- North end South end
- Coordinates: 37°02′48″S 148°48′46″E﻿ / ﻿37.046700°S 148.812872°E (North end); 37°42′41″S 148°27′29″E﻿ / ﻿37.711387°S 148.457943°E (South end);

General information
- Type: Road
- Length: 113.7 km (71 mi)
- Gazetted: 1933 (as State Highway) November 1990 (as Main Road)
- Route number(s): C612 (1998–present)
- Former route number: State Route 199 (1986–1998)

Major junctions
- North end: Delegate Road VIC/NSW border
- McKillops Road; Marlo Road;
- South end: Princes Highway Orbost, Victoria

Location(s)
- Major suburbs: Goongerah

= Bonang Road =

Road in Australia

Bonang Road (formerly known as Bonang Highway) is a rural road in south-eastern Australia, running generally south–north. It links the Gippsland region coastal town of Orbost, Victoria and the highland Monaro region town of Bombala, New South Wales.
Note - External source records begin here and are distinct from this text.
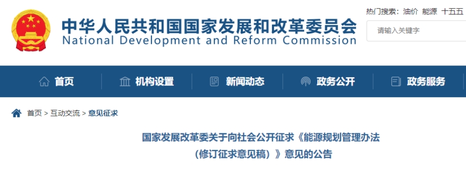 國家發(fā)展改革委關(guān)于向社會(huì)公開征求《能源規(guī)劃管理辦法
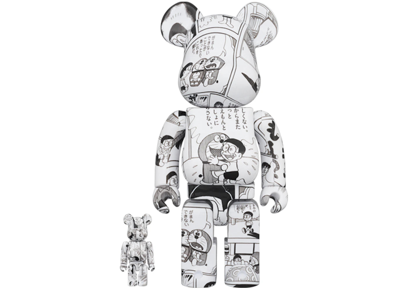 Bearbrick Doraemon (Comic Ver.) 100% & 400% Set Black & White
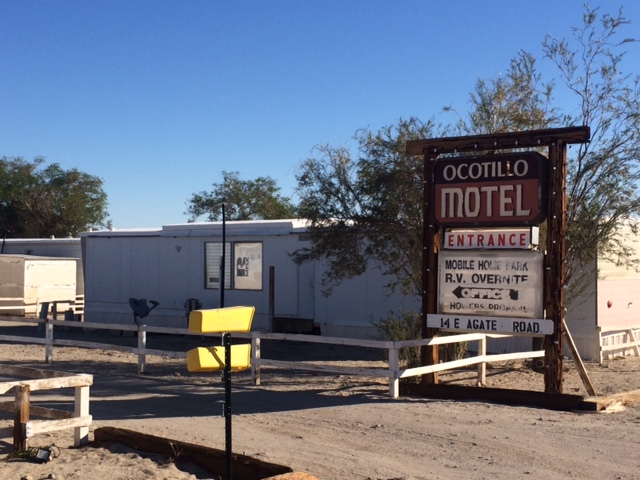 Bicycle touring is ripe with contrast. I rose with the sun and breakfasted on Greek yogurt with fresh blackberries and excellent coffee with my host Matthew. The sun shimmered off the Pacific Ocean and San Diego skyline when we rode away from his spacious hillside home. By sunset I was grinding the final kernels from a bag of microwave popcorn in my concrete block room at the Ocotillo Motel, the only guest in the four-room compound set in the middle of a dusty trailer park. The Red Feather general store was already closed for the day and it was too early to go to the Lazy Lizard Saloon.
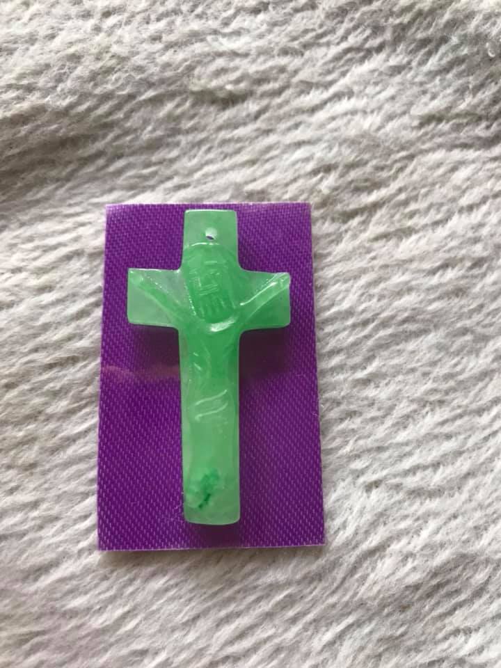 Mặt dây chuyền : hình thánh giá Chúa Giê Su Chất liệu : đá cẩm thạch tự nhiên Màu : xanh lá
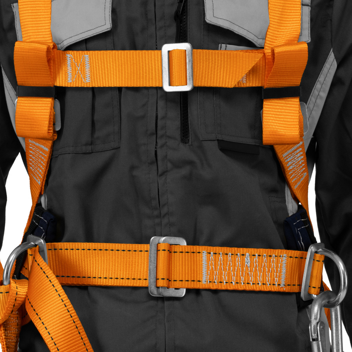 - Надежное крепление — привязь имеет 2 прочных D-кольца на поясном ремне и одно на спине, а также большой монтажный карабин.
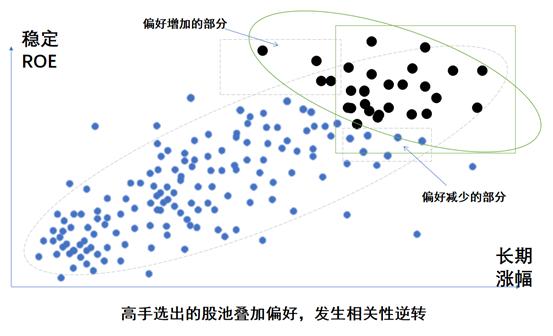 这样选出来的股池必然分布于右上角,本来相关性就弱,再叠加ROE偏好,剔除一些ROE不高的公司,并补入ROE不错,但其他方面弱一点的公司,最后的股池,往往是ROE与长期涨幅变成负相关。
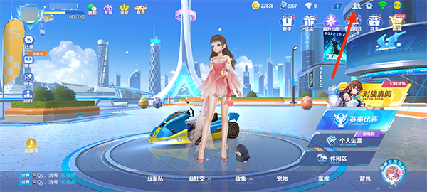 1、登录qq飞车手游,在主界面点击右上方两个小人的图标进入游戏社交。
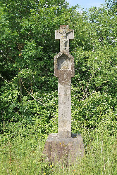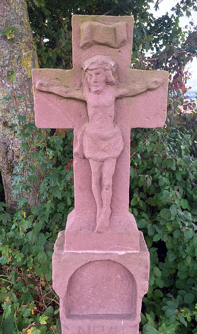 Das Kreuz aus dem Jahr 1653 an dieser Stelle erinnert an das frühere Ewen. Die Inschrift bedeutet: Neumanns Klaus und seine Ehefrau Catharina haben dieses Kreuz zur Ehre Gottes errichten lassen - Anno 1653
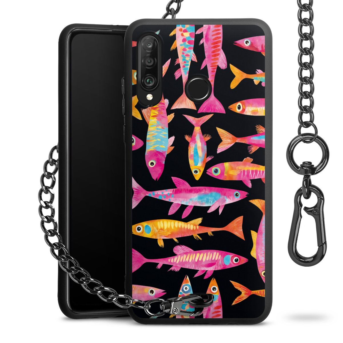 • Mattschwarze Handyhülle mit Metallkette

Much of the road is subject to bushfires during summer and may be closed briefly during the fire season.

==Route==
Bonang Road commences on the Victorian side of the interstate border with New South Wales, south of the town Delegate in the Snowy Mountains of the Great Dividing Range, and heads south, passing through the settlements of Bonang, Goongerah and Nurran, running through valleys to the east of the Snowy River, eventually ending on the river's eastern bank, terminating at the intersection with Princes Highway at Orbost.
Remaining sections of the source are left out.